[REQUIRED WORK]: Copy the listing below exactly. Pictures stay out of it.
───── RECORDED DATA ─────
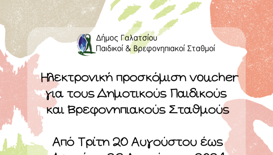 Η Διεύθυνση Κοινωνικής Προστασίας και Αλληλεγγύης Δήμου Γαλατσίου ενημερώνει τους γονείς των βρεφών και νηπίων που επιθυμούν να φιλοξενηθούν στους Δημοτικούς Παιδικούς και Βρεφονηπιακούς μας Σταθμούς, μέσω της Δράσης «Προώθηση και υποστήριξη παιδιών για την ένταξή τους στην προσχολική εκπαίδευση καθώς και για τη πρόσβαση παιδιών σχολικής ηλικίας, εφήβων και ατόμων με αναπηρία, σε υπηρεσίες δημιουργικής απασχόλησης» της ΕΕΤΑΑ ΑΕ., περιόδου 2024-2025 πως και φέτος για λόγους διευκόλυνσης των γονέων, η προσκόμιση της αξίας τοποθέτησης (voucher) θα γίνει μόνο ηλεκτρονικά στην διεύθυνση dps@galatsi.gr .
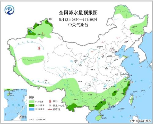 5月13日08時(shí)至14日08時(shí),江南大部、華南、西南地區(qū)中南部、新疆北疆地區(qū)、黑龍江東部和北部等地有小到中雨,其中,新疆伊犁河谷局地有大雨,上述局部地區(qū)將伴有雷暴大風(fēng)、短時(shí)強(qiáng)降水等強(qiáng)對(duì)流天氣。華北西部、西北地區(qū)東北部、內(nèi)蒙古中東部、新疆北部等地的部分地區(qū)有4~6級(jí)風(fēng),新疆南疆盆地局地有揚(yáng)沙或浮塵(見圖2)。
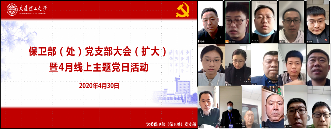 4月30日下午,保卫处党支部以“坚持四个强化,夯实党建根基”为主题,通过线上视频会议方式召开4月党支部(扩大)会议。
─────
[THE COMPLETED TASK]:
 Η Διεύθυνση Κοινωνικής Προστασίας και Αλληλεγγύης Δήμου Γαλατσίου ενημερώνει τους γονείς των βρεφών και νηπίων που επιθυμούν να φιλοξενηθούν στους Δημοτικούς Παιδικούς και Βρεφονηπιακούς μας Σταθμούς, μέσω της Δράσης «Προώθηση και υποστήριξη παιδιών για την ένταξή τους στην προσχολική εκπαίδευση καθώς και για τη πρόσβαση παιδιών σχολικής ηλικίας, εφήβων και ατόμων με αναπηρία, σε υπηρεσίες δημιουργικής απασχόλησης» της ΕΕΤΑΑ ΑΕ., περιόδου 2024-2025 πως και φέτος για λόγους διευκόλυνσης των γονέων, η προσκόμιση της αξίας τοποθέτησης (voucher) θα γίνει μόνο ηλεκτρονικά στην διεύθυνση dps@galatsi.gr .
 5月13日08時(shí)至14日08時(shí),江南大部、華南、西南地區(qū)中南部、新疆北疆地區(qū)、黑龍江東部和北部等地有小到中雨,其中,新疆伊犁河谷局地有大雨,上述局部地區(qū)將伴有雷暴大風(fēng)、短時(shí)強(qiáng)降水等強(qiáng)對(duì)流天氣。華北西部、西北地區(qū)東北部、內(nèi)蒙古中東部、新疆北部等地的部分地區(qū)有4~6級(jí)風(fēng),新疆南疆盆地局地有揚(yáng)沙或浮塵(見圖2)。
 4月30日下午,保卫处党支部以“坚持四个强化,夯实党建根基”为主题,通过线上视频会议方式召开4月党支部(扩大)会议。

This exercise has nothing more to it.